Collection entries
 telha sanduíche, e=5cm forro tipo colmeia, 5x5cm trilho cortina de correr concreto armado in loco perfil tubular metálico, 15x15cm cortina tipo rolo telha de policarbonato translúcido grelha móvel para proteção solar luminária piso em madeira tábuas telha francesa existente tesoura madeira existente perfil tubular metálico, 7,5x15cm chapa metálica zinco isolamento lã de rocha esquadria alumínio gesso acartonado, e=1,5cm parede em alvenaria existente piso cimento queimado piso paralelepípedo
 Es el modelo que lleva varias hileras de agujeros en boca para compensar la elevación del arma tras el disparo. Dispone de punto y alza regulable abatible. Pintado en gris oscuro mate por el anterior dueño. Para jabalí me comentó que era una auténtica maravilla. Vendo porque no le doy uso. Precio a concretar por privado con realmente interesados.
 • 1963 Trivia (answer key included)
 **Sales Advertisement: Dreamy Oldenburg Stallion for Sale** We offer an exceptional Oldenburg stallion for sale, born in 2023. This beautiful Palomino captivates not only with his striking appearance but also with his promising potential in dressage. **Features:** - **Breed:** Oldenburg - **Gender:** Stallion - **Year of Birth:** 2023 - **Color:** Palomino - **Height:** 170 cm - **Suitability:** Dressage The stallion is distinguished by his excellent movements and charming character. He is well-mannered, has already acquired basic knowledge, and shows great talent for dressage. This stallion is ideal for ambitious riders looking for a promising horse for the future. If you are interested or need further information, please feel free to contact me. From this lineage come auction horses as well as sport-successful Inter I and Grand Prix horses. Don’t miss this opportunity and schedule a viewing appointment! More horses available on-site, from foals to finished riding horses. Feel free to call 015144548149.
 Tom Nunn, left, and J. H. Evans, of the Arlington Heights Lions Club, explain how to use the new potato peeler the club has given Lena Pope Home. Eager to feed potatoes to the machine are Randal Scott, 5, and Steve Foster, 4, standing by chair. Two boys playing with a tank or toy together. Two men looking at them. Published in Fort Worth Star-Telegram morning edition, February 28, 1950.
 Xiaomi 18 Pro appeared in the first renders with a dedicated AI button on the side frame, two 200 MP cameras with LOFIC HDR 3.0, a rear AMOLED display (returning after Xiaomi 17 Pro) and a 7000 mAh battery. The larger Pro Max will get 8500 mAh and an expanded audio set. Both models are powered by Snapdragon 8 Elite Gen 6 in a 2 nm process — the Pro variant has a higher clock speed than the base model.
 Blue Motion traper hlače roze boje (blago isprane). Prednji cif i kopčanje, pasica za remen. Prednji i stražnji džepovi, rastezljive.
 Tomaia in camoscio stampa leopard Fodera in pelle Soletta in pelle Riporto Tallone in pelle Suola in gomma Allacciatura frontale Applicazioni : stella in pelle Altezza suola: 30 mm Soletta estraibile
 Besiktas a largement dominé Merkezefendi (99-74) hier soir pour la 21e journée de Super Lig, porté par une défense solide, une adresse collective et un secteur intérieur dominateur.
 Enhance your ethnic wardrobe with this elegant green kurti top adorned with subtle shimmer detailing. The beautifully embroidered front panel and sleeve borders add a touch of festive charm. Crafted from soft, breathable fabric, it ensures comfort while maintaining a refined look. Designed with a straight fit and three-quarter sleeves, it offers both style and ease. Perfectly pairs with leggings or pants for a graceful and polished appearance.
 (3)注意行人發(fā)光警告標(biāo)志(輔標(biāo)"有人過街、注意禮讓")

[Work to be completed]
Every line of the records in which the string "para" is found should be counted, and only the count returned.

[Answer for the task]
2